Avon and Stringer continue to clash over their conflicting methods of leadership; Proposition Joe tells Stringer that he will withhold his drug supply if the gang war continues, but Avon believes that giving in to Marlo will diminish the Barksdales. Avon's relationship with Stringer is damaged irreparably after he finds out the truth about what really happened to D'Angelo, due to McNulty conducting an investigation into D'Angelo's murder.

In an effort to return Avon to prison, Stringer contacts Major Howard "Bunny" Colvin and reveals where Avon keeps his weapons. Meanwhile, Avon reluctantly provides Brother Mouzone with information about Stringer's whereabouts, allowing him and Omar to kill Stringer. Avon privately concedes to Slim Charles that he has come around to Stringer's point of view and is tired of "beefing over a couple fuckin' corners". Slim retorts that they are already in a war, and even if the premise for it is false, they must still fight on it.

Based on evidence that Stringer provided to Colvin, the Major Crimes Unit raids Avon's safe house and are able to put weapons and conspiracy charges on all those present. Avon's presence constitutes a parole violation, which mandates serving the remaining five years of his sentence. Avon ends up in court with all those apprehended during the bust sitting behind him.

===Season 5===
Marlo arranges a meeting with Sergei Malatov at MCI Jessup with hopes of contacting the Greeks and Spiros Vondas. He instead encounters Avon, who reveals that he still has a formidable reputation, and that Sergei had approached him once he began receiving direct payments from Marlo. Avon agrees, philosophically, with Marlo's plan to get around Proposition Joe and cut the Eastsiders out of the supply connection. Avon states that he is prepared to let bygones be bygones regarding their past war. However, he informs Marlo that in order to gain access to Sergei, Marlo has to pay Brianna $100,000.

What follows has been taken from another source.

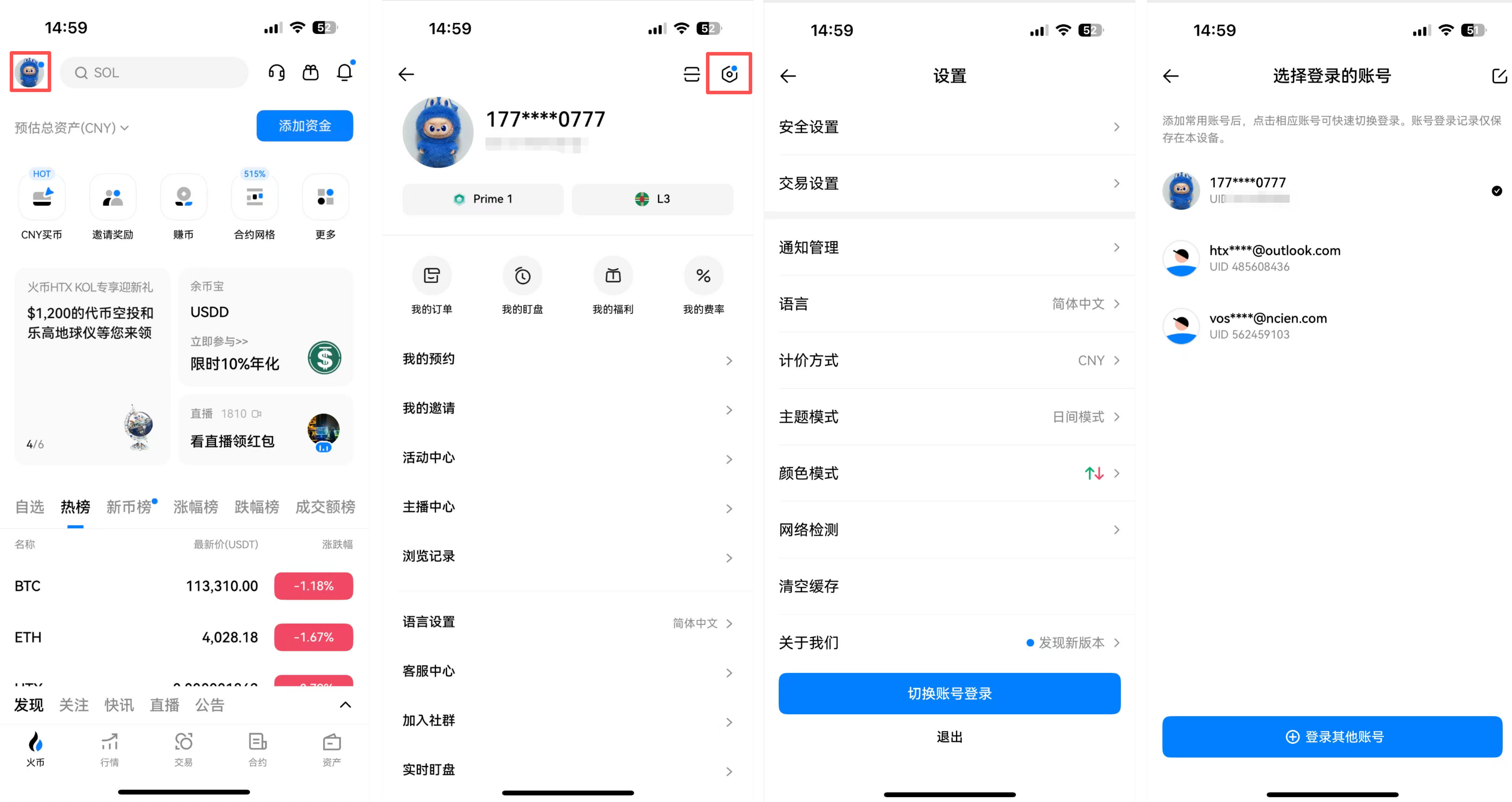 如何切换登录火币账号

Marlo agrees, makes the payment, and is granted access to Sergei, with Avon watching from the side. Sergei is initially uninterested in cooperating with Marlo's plan but is swayed when Marlo points out that if any arrangement he can make with Vondas are beneficial to the Greeks, it will be Sergei who "made it happen". By the end of the series, Marlo's second-in-command Chris Partlow makes peace with the Barksdales as well, as he is seen fraternizing with Wee-Bey in a prison courtyard.

==Origins==
David Simon has disputed that any one individual is the model for any specific character in The Wire. He has stated on The Wire DVD that Avon is a composite of several Baltimore drug dealers. Avon is likely based, to some extent, on Melvin Williams (who plays the character of The Deacon) and Nathan Barksdale.